Солдаты разобрали пол справа между алтарем и клиросом. Показалась каменная плита.

— Черт! Придется повозиться. Живее, товарищи!

Надписи на плите никто не умел прочесть. Чтобы поднять ее, пришлось орудовать ломом. Разбитая гробница открыла полуистлевшие кости.

— Вот вам, товарищи, поповские фигли-мигли! Вот чем морочили ваших отцов и дедов! Видите теперь?

— Видим, так точно.

— Убедились?

— Убедились, товарищ Шоколад. Знамо, обман.

— Товарищ Брагин, третьего дня мы вскрывали обыкновенный гроб. Какой покойник лучше сохранился, тот или этот?

— Стало быть, тот.

— Ну вот. Моя миссия закончена. Однако кто это из вас, товарищи, душится такими тонкими духами?

Все нюхали воздух.

— Быдто из гроба тянет, — заметил Брагин.

Жорж выступил вперед.

— Не смущайтесь, товарищи. Это монашеская хитрость. Они надушили кости. Закройте их крышкой до утра. Товарищ Брагин, вы здесь останетесь на ночь, а у дверей мы поставим караул. Покойной ночи.

Брагин один прошелся по церкви. Здесь стаивал он когда-то с отцом и матерью, сюда же мать водила его причащаться. Вспомнил он и ахматовскую церковь, покойного барина, батюшку отца Ивана.

Брагин дремлет. Ему чудится благоухание. Все нежнее, все сладостнее оно.

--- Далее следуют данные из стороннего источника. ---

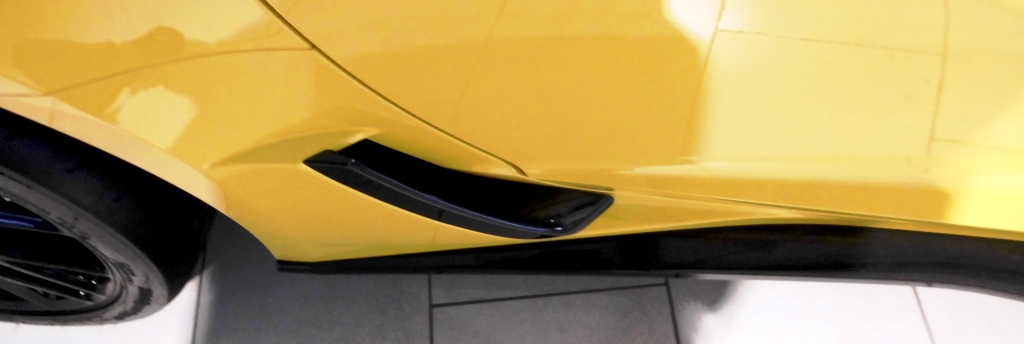Keine Bange - die hässlichen Dinger sind nicht unausweichlich. Kommen wohl erst mit dem Z07-Paket. Das Fahrzeug hat eines, wie man an den Kohlefaserbremsen erkennen kann. Und selbst wenn man die rund 15.000 € Aufpreis für das Paket ausgibt: laut dieser Quelle hier http://www.autohaussteppe.de/fileadmin/Redakteur/Chevrolet/Corvette/Corvette_Z06/Corvette-ZO6-Infoblatt.pdf werden die Fahrzeuge augenscheinlich mit dem Stage-1 Frontsplitter zum Händler geliefert; der Rest wird erst dort angeschraubt.

В гробнице желтеют кости. И видит Брагин: они обрастают плотью, облекаются в одежду. Из гроба встает благоухающий старец. Глаза голубые, чище неба. И слышится ласковый, тихий голос:

— Что, веришь теперь, что я жив?

Шоколад, Жорж и все солдаты, шумно толкаясь, бросились в церковь. Лежа ничком на гробнице, Брагин ревел:

— Братцы, сюды! Православные, помогите! Господи!

В суете никто не мог ничего понять. Первый опомнился Шоколад.

— Тише! Что случилось? Чего вы кричите?

Брагин притих.

— Ну?

Брагин поднялся. Он постоял, подумал и вдруг развернулся что было сил. Шоколад отлетел, прокатился по полу вверх ногами и замер. Жорж заглянул в его лицо, пожал плечами.

— Уже. Товарищи, арестуйте убийцу.

Красноармейцы не двинулись. Брагин шагнул вперед. Розенталь отскочил и столкнулся с чернобородым монахом.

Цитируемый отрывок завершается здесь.